Rapper facing prison sentence of 25 years to life over violent lyrics (Video)

Rapper facing prison sentence of 25 years to life over violent lyrics (Video)
Tiny Doo

We have all heard about the illegality of shouting “Fire!” in a crowded movie theater, and learned last December that urging a crowd to set fire to a community amounts in some localities to inciting a riot, which is at minimum a misdemeanor. But can the publication of violent song lyrics be viewed as a crime so severe as to warrant a life sentence?

That is what a California prosecutor is arguing about the “creative output” of San Diego-based rapper Tiny Doo.

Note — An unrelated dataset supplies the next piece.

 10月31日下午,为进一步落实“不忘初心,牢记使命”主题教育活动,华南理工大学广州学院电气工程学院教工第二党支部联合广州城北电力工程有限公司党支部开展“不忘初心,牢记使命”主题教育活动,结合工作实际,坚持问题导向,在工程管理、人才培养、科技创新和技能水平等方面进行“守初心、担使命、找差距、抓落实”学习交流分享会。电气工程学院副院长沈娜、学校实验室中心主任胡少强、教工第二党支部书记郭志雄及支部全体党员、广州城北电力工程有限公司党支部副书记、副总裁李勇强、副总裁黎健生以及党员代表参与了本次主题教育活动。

The performer, whose real name is Brandon Duncan, has already spent eight months in prison as a result of a little-known California statute that makes it illegal to benefit from gang activities.

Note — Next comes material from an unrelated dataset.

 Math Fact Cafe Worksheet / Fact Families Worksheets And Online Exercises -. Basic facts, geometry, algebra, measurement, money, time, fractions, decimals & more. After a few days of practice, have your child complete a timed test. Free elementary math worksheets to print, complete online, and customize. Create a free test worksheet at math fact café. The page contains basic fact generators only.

CNN’s Emma Lacey-Bordeaux writes:

The statute in question is California Penal Code 182.5. The code makes it a felony for anyone to participate in a criminal street gang, have knowledge that a street gang has engaged in criminal activity, or benefit from that activity.

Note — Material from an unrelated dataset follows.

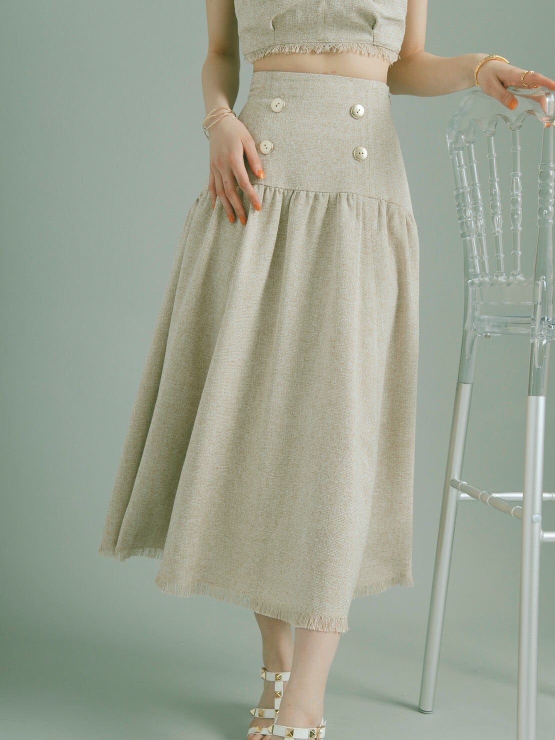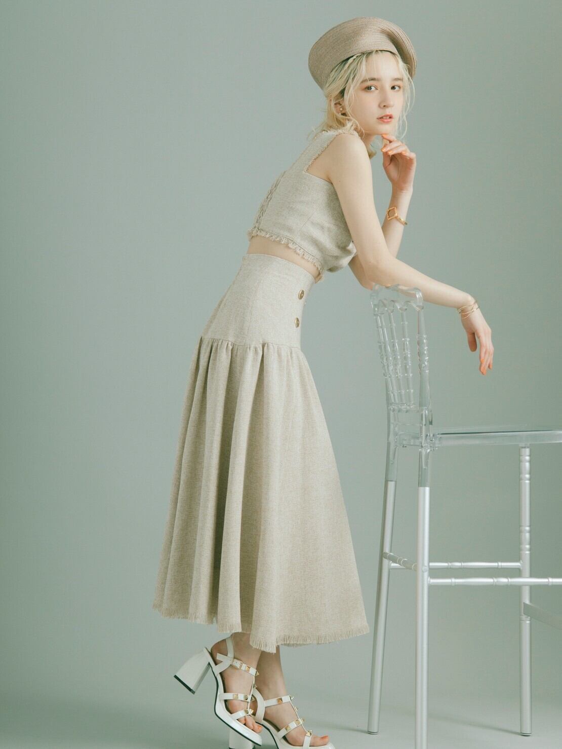 スカートのフロントには存在感のあるゴールドボタンを配し、夏らしいマリンテイストなアクセントを。

It’s that last part — benefiting from criminal activity — that prosecutors are going after the rapper for.

Duncan faces nine counts of criminal street gang conspiracy because he and 14 other alleged gang members enhanced their stature and respect following a rash of shootings in 2013. Prosecutors point specifically to Doo’s album “No Safety” and to such lyrics as “Ain’t no safety on this pistol I’m holding” as examples of a “direct correlation to what the gang has been doing.”

Duncan has no criminal record, and no one is accusing him of directly pulling a trigger. Prosecutors maintain, however, that lyrics are not the only evidence they have. At Duncan’s preliminary hearing, they presented social media posts that they say show Duncan is an active gang member.

In the video that follows, Duncan tells CNN’s Don Lemon his lyrics merely paint “a picture of urban street life,” adding, “I’m not telling anybody to go out and kill somebody.”

“The problem” with the case, argues CNN legal analyst Mark Geragos, “is you’re going to run straight head-on into the First Amendment. If they don’t have anything other than the album, this case I don’t think would ever stand up.”